People in their thirties seem more prone to depression than in past decades. A little surprising, since this segment of the population appears to have much to celebrate.
The majority of thirty-something's have established relationships and thriving families. Single persons in their thirties, who have elected to focus their energy on a career, are upwardly mobile and nearing the pinnacle of their success. By mid-thirties, most are enjoying their prime earning and spending years. They have an active role and voice in all areas of life. Politically, socially and financially, this age group are the pivotal movers and shakers of society.
So why are thirty-somethings not benefiting emotionally from their success; enjoying the fruits of their labor? Sometimes, with the big 40 looming ahead, they come down with vague, unidentified feelings of discontent. A case of the "blues" becomes an all too common and frequent occurrence.
We are a society ruled by priorities. People in their thirties have developed the self-discipline to gauge their priorities and focus on their immediate and long-term goals. This can result in creating imbalance in other areas. All work and no play does not necessarily make Jack a dull boy, but it might make him slightly depressed.
By the time an individual is well into his thirties, he may feel dissatisfied with the direction his life has taken. He might be suffering "burn-out," from focusing too heavily on work, or disappointment, if his dreams and goals are not fully realized.
Men measure their value by their job performance. If they have not reached their goals, or circumstances dictate a change in career path, their identity is shaken. The current financial crisis has put many an up and coming thirty-something into a tailspin. The last couple of decades have been boom years and they assumed it would always be that way.
Women measure their worth by their relationships. Whether they are "stay at home" moms, or in the work force, suddenly their children are half-grown and more independent and women feel less needed. They feel the pangs of an almost empty nest. They can see this as an opportunity to explore educational or career options, or they might mire in their feelings of uselessness.
Unmarried individuals and single parents suffer the same doubts and fears, only they are going it alone, which only magnifies the issues.
Many couples are experiencing the "7 year itch," which can realistically occur at any age.
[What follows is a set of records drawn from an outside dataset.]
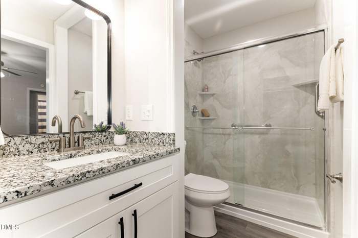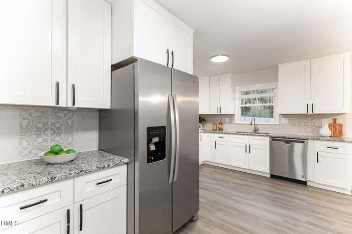 Fresh, Functional, and Full of Charm! This inviting 3-bedroom, 2-bath ranch offers comfortable single-level living in a prime North Raleigh location. The spacious open-concept living room, complete with a cozy fireplace, flows seamlessly into a beautiful kitchen featuring granite countertops and plenty of workspace. Recent updates include new carpeting, an added walk-in shower, new 6-foot privacy fencing on both sides of the home, and new gutters, all enhancing comfort, style, and curb appeal. Step outside to a large back deck, perfect for relaxing or entertaining while enjoying the peaceful, wooded backyard. Conveniently located just minutes from I-540, I-440, and Downtown Raleigh, this home combines tranquility with easy access to everything the area has to offer.
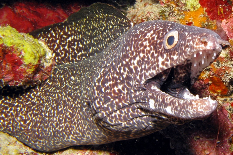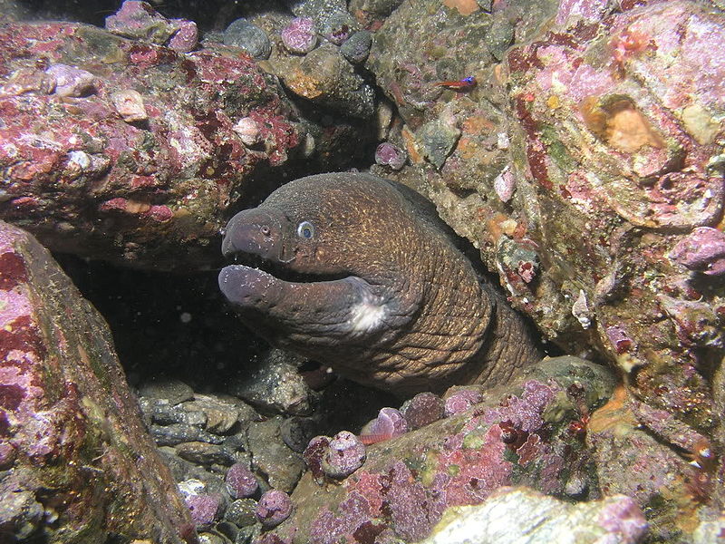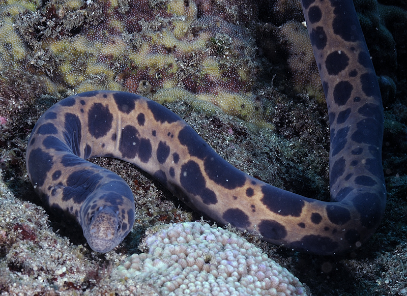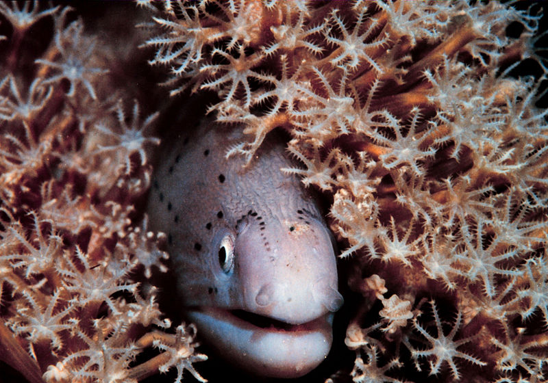 There are close to 200 species in this family of eels. Most species are found in shallow water among rocks and coral. and many species are active at night and spend the day hidden in the rock or coral crevices. Most species are found in tropical and sub-tropical marine environments, a few species can be found in brackish water, and a a handful of species are found in fresh water.
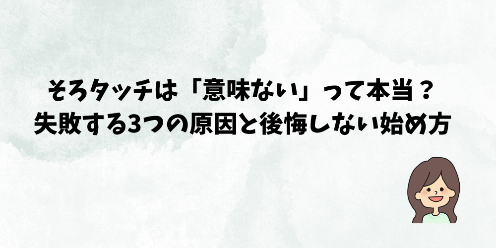 ▶そろタッチの無料体験はココをクリックこの記事では、なぜ「そろタッチは意味ない」と言われてしまうのか、よくある3つの失敗パターンと、確実に効果を出すための賢い始め方をわかりやすく解説します。

Life has reached its peak of stress with the demands of jobs, growing children and new-found signs of age progression; a stray gray hair, or a wrinkle that wasnt there yesterday. In our youth-oriented society, the struggle to maintain youth at any cost takes its toll.
The question inevitably comes up: "Is this all there is?" How the thirty-something responds is crucial to his well-being. A pessimistic view will bring on depression. This is when the saying, "Glass half full" comes into play. They can either lament what is lost or on decline, or count their blessings and face the next phase of life with enthusiasm.
If you are in your thirties and experiencing occasional bouts of the blues, take steps to avoid full-fledged depression, which could require medical intervention, by adopting these practices. Learn the 5 easy stress-relief techniques.
•Deep breathing exercises
•Full body stretching
•A brisk, short walk.
Any of these short, distracting activities will re-energize the spirit.
Save. By having a "rainy day" fund, the downturns in the stock market, and drop in housing values reported daily on the news will not have as devastating an effect on your feelings of well-being.
Develop a spirit of optimism. Create a gratitude journal where you record daily blessings and happy events.
Practice living in the moment. Don't clutter your mind with regrets about what might have been, or concerns about what negative issues might be looming ahead.
Get plenty of rest, adequate exercise and drink lots of water and eat nutritional foods to ensure you will remain in optimum health, both mentally and physically.
Each decade of life comes with its particular set of stresses. While you cannot control every facet of life, you can embrace each new phase as an opportunity for growth. How you deal with being thirty-something can make for great memories to cherish when you are "elderly-something" and looking back.